Personal information
- Born: July 29, 1998 (age 28) Miami, Florida
- Listed height: 6 ft 9 in (2.06 m)
- Listed weight: 250 lb (113 kg)

Career information
- High school: Miami Southridge (Miami, Florida)
- College: FIU (2016–2020)
- NBA draft: 2020: undrafted
- Playing career: 2020–present

Career history
- 2020–2021: Kauhajoki Karhu
- 2021–2022: MLP Academics Heidelberg
- 2022–2024: Spirou

Career highlights
- NCAA blocks leader (2020); Second-team All-Conference USA (2020); 2× C-USA All-Defensive Team (2019, 2020);

= Osasumwen Osaghae =

American basketball player

Osasumwen Osaghae Jr. (born July 29, 1998) is an American basketball player who last played for Spirou of the BNXT League. He played college basketball for the FIU Panthers.

==Early life==
Osaghae was born in Miami, Florida 20 days after his parents, Osasumwen Sr. and Martina, moved from Nigeria. His name means "God leads me" in a Nigerian dialect. Osaghae grew up playing soccer but reluctantly switched to basketball at age 16 due to his exceptional size after he attended a camp led by Miami Heat coach Erik Spoelstra. Osaghae stood 6'4 by his freshman year of high school. Osaghae played basketball for Miami Southridge High School, coached by John Herron, while attending Robert Morgan Educational Center. He was undisciplined with his eating habits and obese in high school. As a junior, Osaghae quit basketball and wanted to transfer to Palmetto High School because he found Southridge's coach "too hard" on him. He returned to the team as a senior but was often benched for his lack of effort in practice.

==College career==
By the end of high school, Osaghae weighed nearly 300 lbs. He improved his diet and lost 60 lbs before walking on to the basketball team at Florida International University (FIU), where he studied business management. He played three games as a freshman and was given limited playing time. In his sophomore season, Osaghae averaged 3.3 points, 3.3 rebounds and 1.2 blocks in 11.9 minutes per game. Before his junior year, he was awarded a full scholarship to play for FIU, after contemplating transferring due to the coaching change. Osaghae averaged 8.3 points, 8.5 rebounds and a league-high 3.1 blocks per game en route to Conference USA All-Defensive Team honors. His 96 blocks were the second-most by an FIU player in a single season. His play was hampered by a bone contusion, which forced him to miss three games. As a senior, Osaghae averaged 13 points, 8.1 rebounds and an NCAA Division I-high 3.7 blocks per game. He closed the season as FIU's all-time leading shot blocker and was named second-team All-Conference USA and Conference USA Defensive Player of the Year.

== Professional career ==
On January 2, 2021, Osaghae signed with Kauhajoki Karhu of the Finnish Korisliiga.

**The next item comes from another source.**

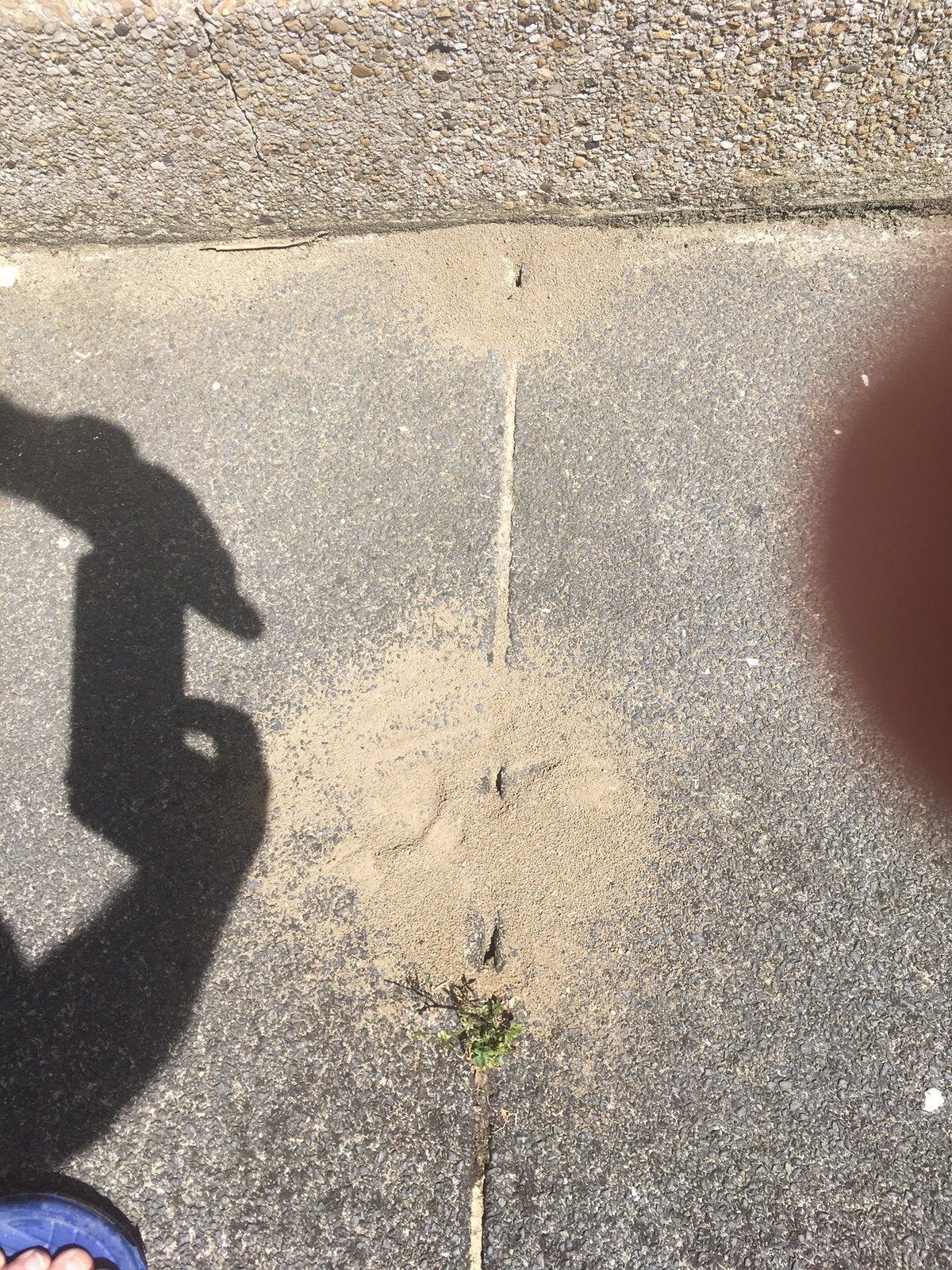 This is directly in front of our front door -Note the two piles of dust around the joint in the slabs. Yes, we have a dog whom we usually let out via the front, in via the back door (don't ask). Usually on her way out she examines the that area, but today I spotted the piles of dust around the joints in the slabs. It is not something she would usually do.

On July 23, 2021, Osaghae signed with MLP Academics Heidelberg of the Basketball Bundesliga.

On June 15, 2022, he has signed with Spirou of the BNXT League.

==Personal life==
Osaghae is the third of five children. His father is a lawyer and his mother is a social worker. His brother, Mark, plays soccer for Johnson & Wales University. His two older sisters, Aiseosa and Karen, are aspiring lawyers. Osaghae is religious and volunteers at churches.